Ce que l'Institut peut confirmer est plus modeste, et tient en une phrase : une jeune femme s'est approchée d'un inconnu, lui a dit qu'elle le trouvait beau et que c'était la première fois qu'elle faisait ça. C'était vrai. Ça a fonctionné. Elle ne pourra plus jamais le redire, et personne d'autre ne le peut à sa place — ce qui, à bien y regarder, est le seul résultat rassurant que la présente revue ait publié depuis sa fondation : il reste, dans le commerce des rencontres, une chose qui n'est pas à vendre.
Conflits d'intérêts : Aucun. Les auteurs déclarent n'avoir suivi aucune formation d'approche et n'en avoir dispensé aucune. Renard T. déclare avoir tenté, à titre exploratoire et en dehors du protocole, de reproduire l'énoncé de la section 2. Il confirme le résultat de l'étude.
Financement : Aucun. Les auteurs ont sollicité trois organismes de formation à la séduction en vue d'un financement, en précisant l'objet de l'étude. Deux n'ont pas répondu. Le troisième a proposé un partenariat, dont les termes prévoyaient la mention de ses modules en conclusion. La proposition a été déclinée, son TSR ayant été estimé à 0.

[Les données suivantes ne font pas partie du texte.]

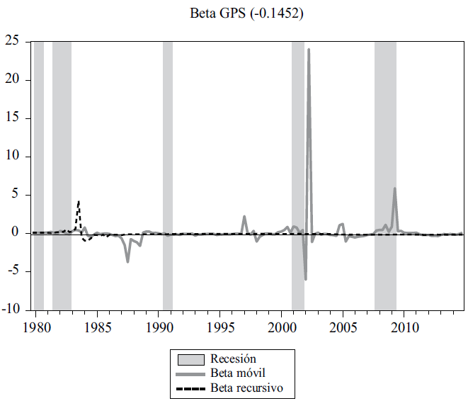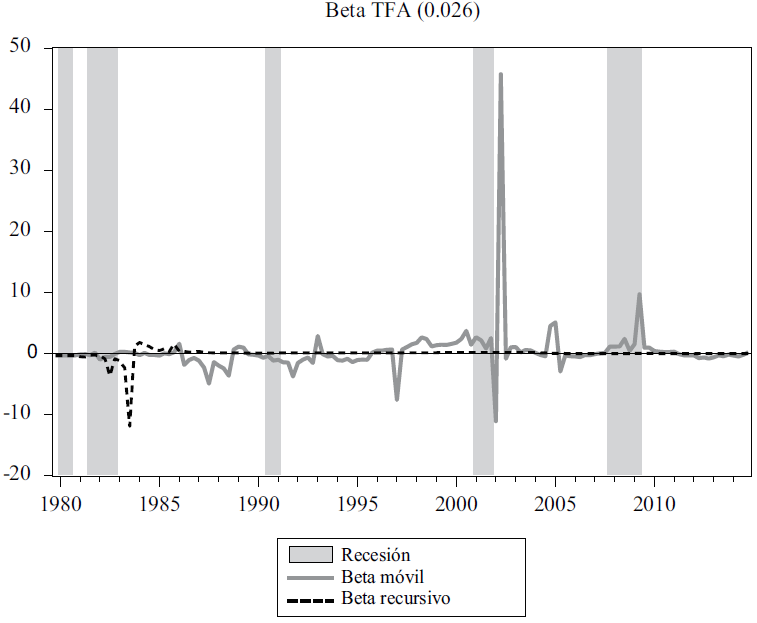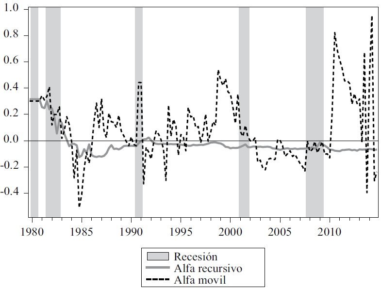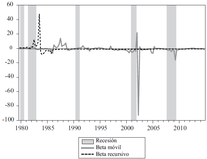 Entonces el valor recursivo apunta a la posibilidad de cointegración entre las variables prácticamente durante todo el periodo a partir de 1984. Mientras los resultados de la ventana movible muestran importantes variaciones a través de la muestra, con especial énfasis en el periodo posterior a la crisis de 2007-08, lo cual apunta que localmente los valores de las observaciones se desvían de forma marcada de la relación de largo plazo, efecto remarcado gracias al tamaño de la muestra; de lo cual resalta la tendencia creciente de estos valores en los periodos de expansión con excepción del ubicado entre la recesión de 2001 y la “Gran Recesión”.
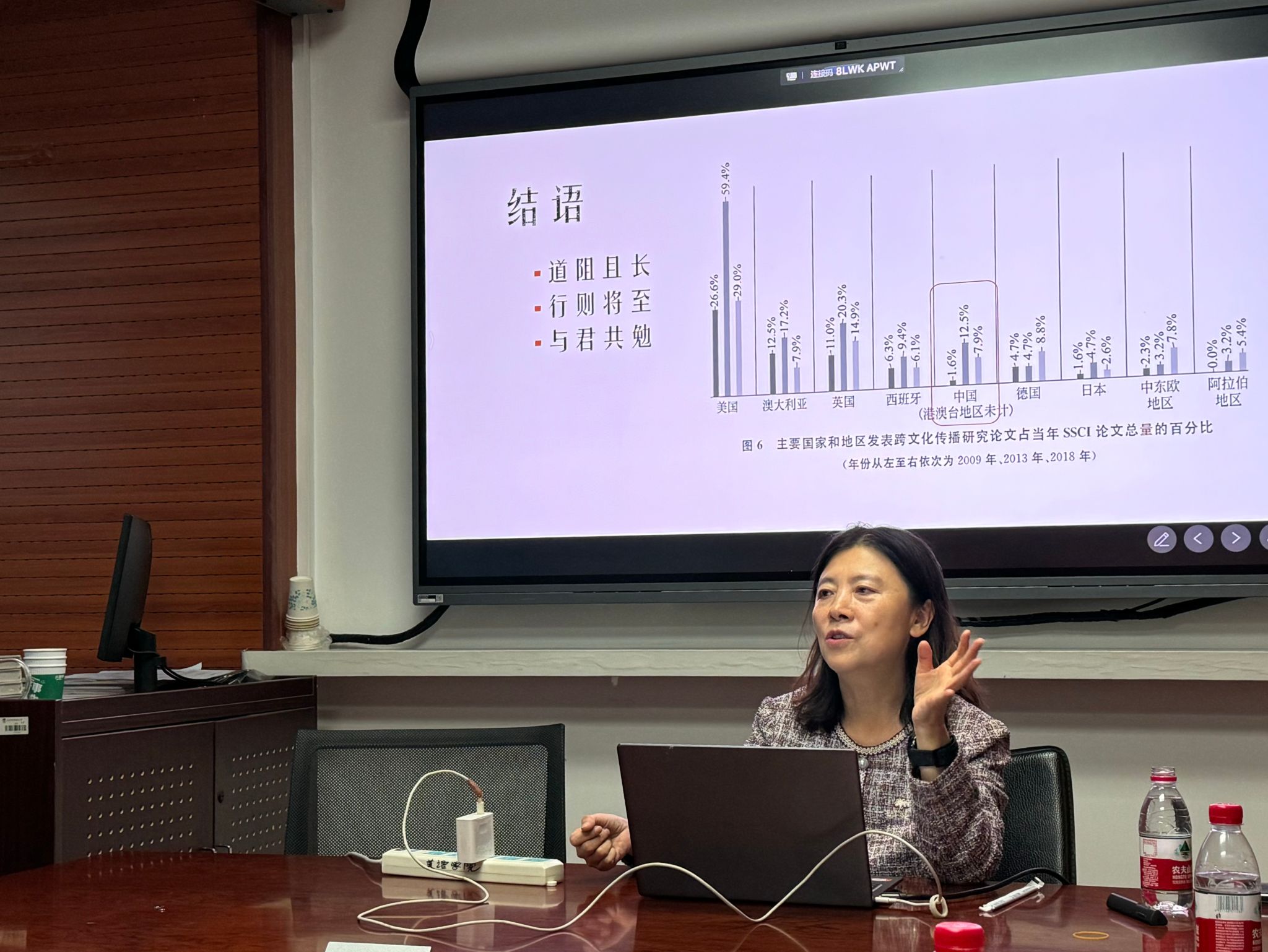 最后,侯教授感谢史教授的分享,称其研究具有现实意义。史教授总结道,商务语境中的跨文化适应研究道阻且长,行则将至,并与同学们共勉。

Remerciements : Les auteurs remercient la participante de 23 ans, dont l'observation a fondé l'indicateur et qui n'en saura jamais rien. Ils remercient le Dr Bonnefoy-Tissot pour sa relecture, parvenue à 4 h 12, et Mme Beaumont-Schiavetti pour le codage des 340 énoncés, tâche dont elle a demandé qu'il soit consigné qu'elle l'a trouvée déprimante. C'est consigné.
Note de la rédaction : Publié par l'Institut du Constat Fondamental — icf.news
Références
- Vasilenko, M. et Renard, T. (2025). Énoncés à condition de validité auto-consommante : cadre pragmatique. Cahiers d'Économie Biographique, 1(2), 90–114.
- Hoffmann-Bergamo, C. (2024). Ce qui ne se répète pas : théorie de l'occurrence unique. Aarhus : Presses du LPCR. Chapitre 3 : « La vérité comme principe actif ».
- Institut du Constat Fondamental (2026). Étude n°27 — La Fiche Produit de Soi. icf.news. Pour l'attribut orphelin et son taux de transposition.
- Institut du Constat Fondamental (2026). Étude n°32 — L'Âge comme Proxy. icf.news. Pour les variables sans champ, dont celle-ci est le cas commercial.
- Institut du Constat Fondamental (2026). Étude n°33 — La Variable Bienveillance. icf.news. Pour la suite, qui coûte plus cher.
- Institut du Constat Fondamental (2026). Étude n°29 — L'Économie de la Rétention. icf.news. Pour les dispositifs dont la réussite éliminerait le client.
- Corpus des énoncés (2026). 340 unités. TSR nul : 339. TSR égal à 1 : 1. TSR supérieur à 1 : aucun, à ce jour.